A major effect of Alu elements on the primate transcriptome is the introduction of new exons in existing mRNAs (Schmitz and Brosius 2011). Alu elements consist of two arms separated by poly(A) sequences. When they are inserted in the gene in antisense orientation, the poly(A) sequence is transcribed as a poly(U) tract that potentially acts as a polypyrimidine tract and might change splice patterns (Deininger 2011). Moreover, there are 9 potential 5′ splice sites and 14 potential 3′ splice sites located within the consensus sequence of Alu elements. A few mutations within the potential 3′ or 5′ splice sites are sufficient to create a new exon. Similarly, editing in inverted Alu sequences can promote the exonization of Alu elements in the transcriptome. Indeed, it has been shown that editing can create new splice sites (Sela et al. 2007; Sorek et al. 2002). For example, nuclear prelamin A recognition factor (NARF) has an Alu-exon which is regulated by editing (Lev-Maor et al. 2007). Here, RNA-editing can create a 3′ splice site (Fig. 3b) and also eliminates a premature stop codon within the Alu-exon. It has been suggested that 5 % of all alternatively spliced exons were originally derived from Alu elements (Sorek et al. 2002). Therefore, Alu elements and RNA-editing within them may increase transcriptome variation and accelerate primate evolution. However, in most cases, Alu exonization disrupts the transcript structure and affects protein function (Varon et al. 2003). Recently, a protection mechanism against Alu exonization and the production of aberrant mRNAs was proposed (Zarnack et al. 2013). It was shown that the RNA binding protein hnRNP C can bind cryptic splice sites in Alus and thereby prevent recognition of Alu elements by the splicing factor U2AF65.
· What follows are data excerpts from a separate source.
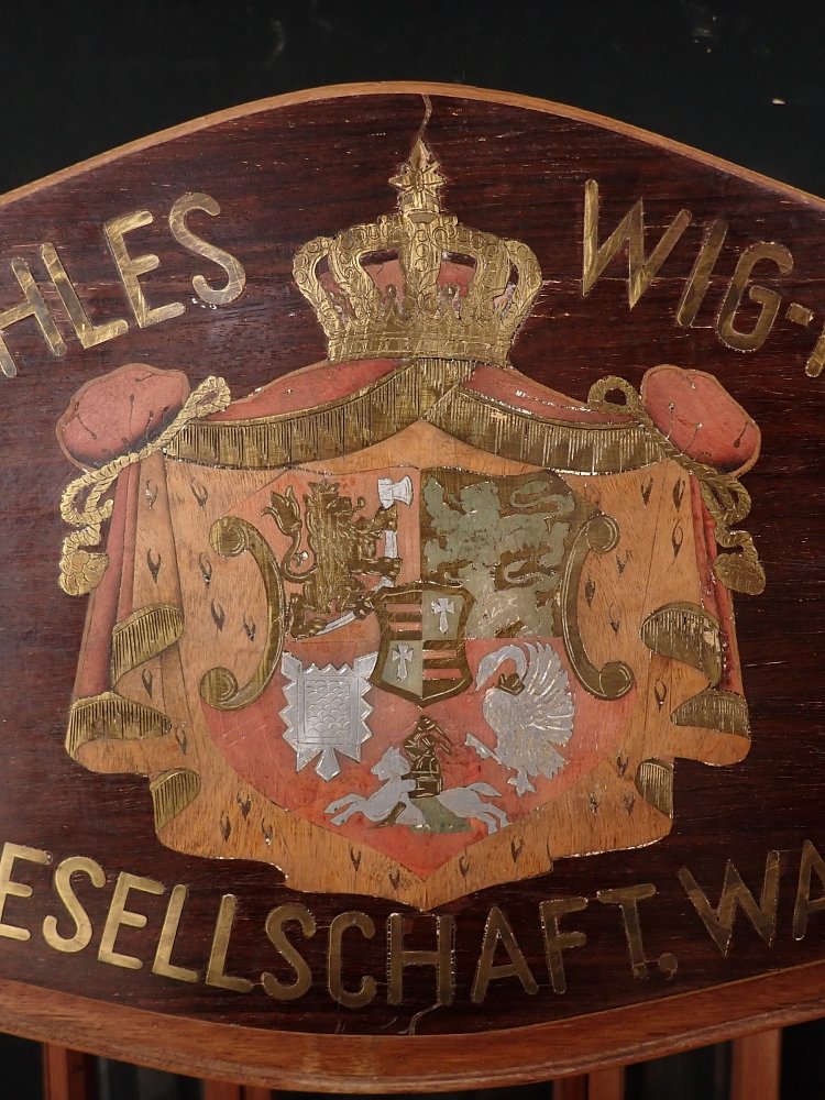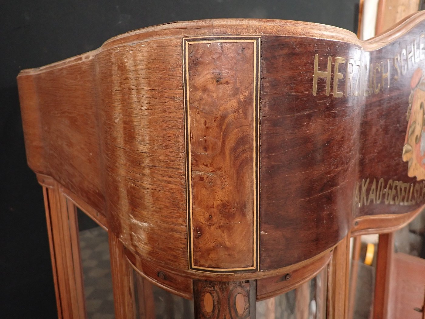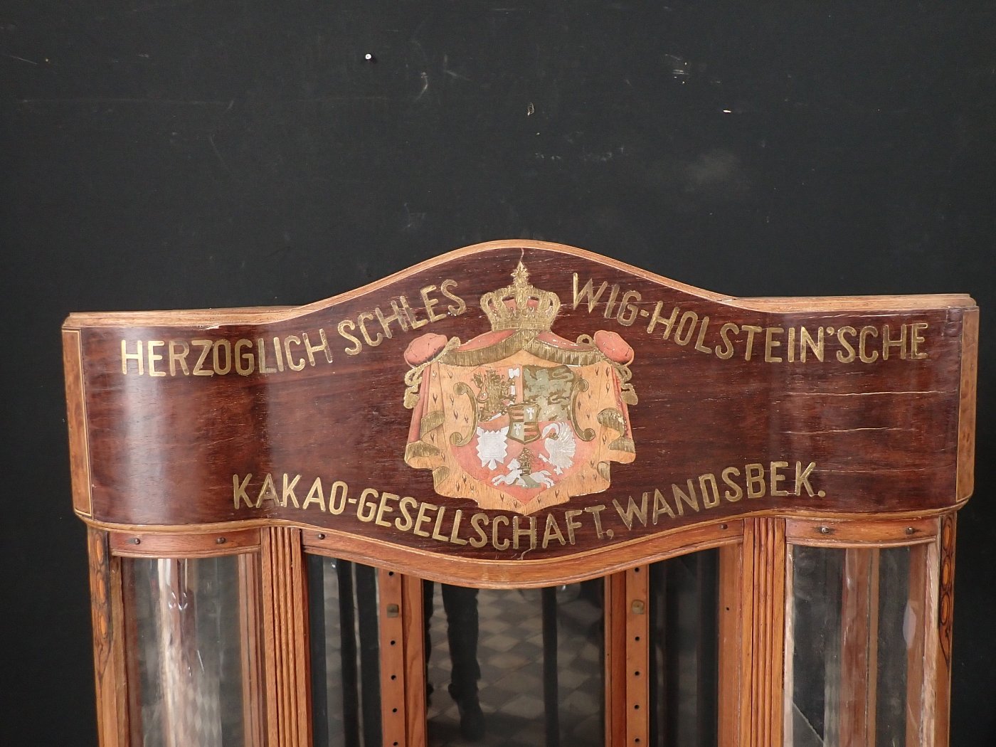 Auf der Vorderseite ist die Vitrine mit Intarsienarbeiten und dem Schriftzug "Herzoglich Schleswig-Holstein´sche Kakao-Gesellschaft Wandsbek" äußerst detailliert und dekorativ gearbeitet.
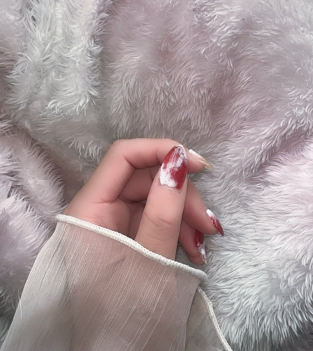 GT開幕だし、マッハ車検カラーの赤白のネイルにしたくてしてきたんだけど
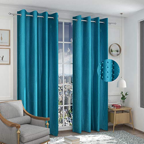 MICASA Polyester Plain Pyramid Embossed Curtain,Pack of 2 (Aqua, 5 – FEET)
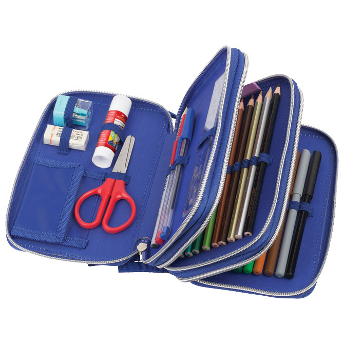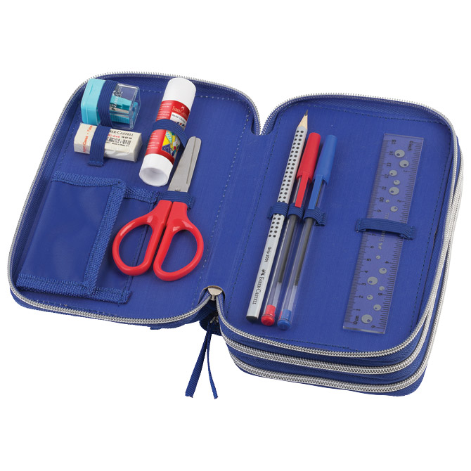 3 zipa; Faber- Castell punjenje s 44 komada pribora: flomaster školski 18 boja, boje drvene 18 boja, 1 olovka grafitna HB, šiljilo, gumica, ravnalo 15 cm, ljepilo 9g, škare, 2 olovke kemjske (plava i crvena); visokokvalitetna podstava i zatvarači T-rex Pakiranje: 1/4/16
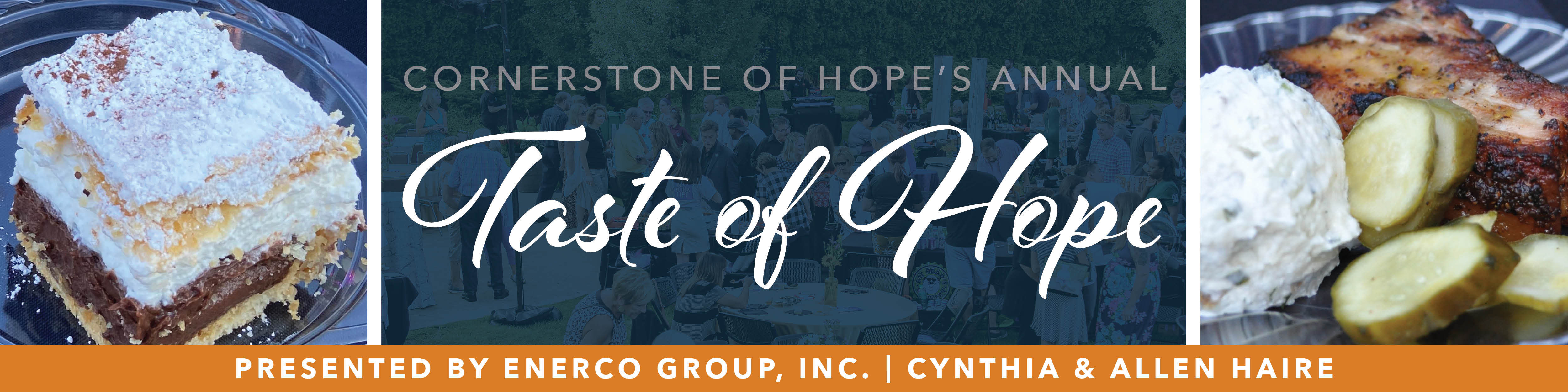 Cornerstone of Hope will host its Annual Taste of Hope Presented by Enerco Group, Inc. | Cynthia and Allen Haire on Thursday, September 7, 2023 on the beautiful grounds of Cornerstone of Hope. The casual evening showcases a spectacular sampling of food and drink from local restaurants, entertainment and raffles.
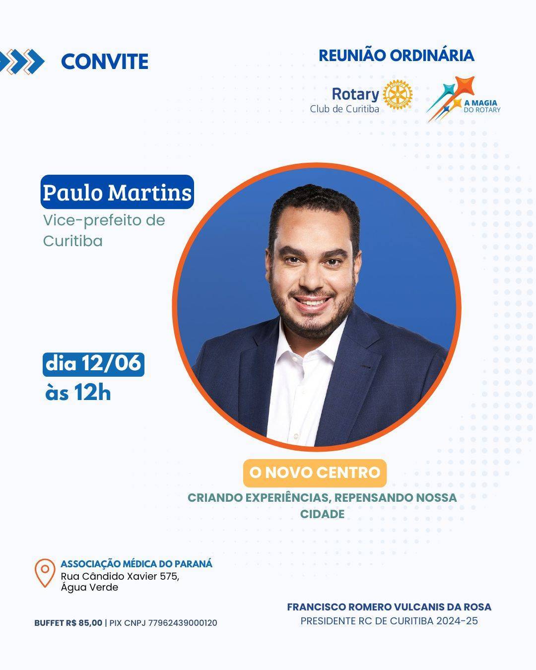 O Rotary Club de Curitiba sob a presidência do empresário Francisco Romero convida para a 43ª reunião ordinária no próximo dia 12 de junho (5ª feira), a partir das 12 horas com almoço por adesão, na sede da Associação Médica do Paraná, que contará com a presença do Vice-Prefeito e Secretário Municipal de Desenvolvimento Econômico e Inovação de Curitiba, Paulo Martins que fará uma palestra sobre o - Novo Centro: Criando Experiências, Repensando Nossa Cidade -.

In sum, editing in Alu elements clearly contributes to transcriptome diversity. Most importantly, Alu elements are primate specific, and many of the editing sites in Alu elements only occurred very recently in the evolution of the great ape lineage (Ramaswami et al. 2013). Thus, it is tempting to speculate that Alu elements themselves and editing in Alu elements are major driving forces for human evolution (Levanon and Eisenberg 2015).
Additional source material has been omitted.